In 1998, the film was selected for preservation in the United States National Film Registry by the Library of Congress as being "culturally, historically, or aesthetically significant".

==Meaning of the title==

The term "twelve o'clock high" refers to the practice of calling out the positions of attacking enemy aircraft by reference to an imaginary clock face, with the bomber at the center. The terms "high" (above the bomber), "level" (at the same altitude as the bomber) and "low" (below the bomber) further refine the location of the enemy. Thus "twelve o'clock high" meant the attacker was approaching from directly ahead and above. This location was preferred by German fighter pilots because, until the introduction of the Bendix chin turret in the B-17G model, the nose of the B-17 was the most lightly armed and vulnerable part of the bomber. Enemy fighter aircraft diving from above were also more difficult targets for the B-17 gunners due to their high closing speeds.

Bartlett's wife, actress Ellen Drew, named the story after hearing Bartlett and Lay discuss German fighter tactics, which usually involved head-on attacks from "twelve o'clock high".

==Radio and television==

Gregory Peck repeated his role as General Savage on a Screen Guild Players radio broadcast on September 7, 1950.

Twelve O'Clock High later became a television series of the same name that premiered on the ABC network in 1964 and ran for three seasons. Robert Lansing played General Savage. At the end of the first season, Lansing was replaced by Paul Burke, who played Colonel Joseph Anson "Joe" Gallagher, a character loosely based on Ben Gately from the novel. Much of the combat footage seen in the film was reused in the television series.

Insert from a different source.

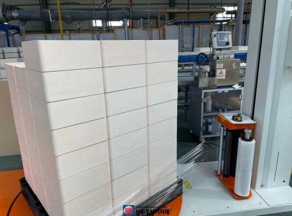 랩핑기의 자동버튼을 누르면 자동으로 높이를 감지해 제품의 하부부터 상단, 다시 하부까지 자동랩핑을 해줍니다.

Many of the television show's ground scenes were filmed at the Chino, California, airport, which had been used for training Army pilots during the war, and where a replica of a control tower, typical of the type seen at an 8th Air Force airfield in England, was built. The airfield itself was used in the immediate postwar period as a dump for soon-to-be-scrapped fighters and bombers, and was used for the penultimate scene in The Best Years of Our Lives when Dana Andrews relives his wartime experiences and goes on to rebuild his life.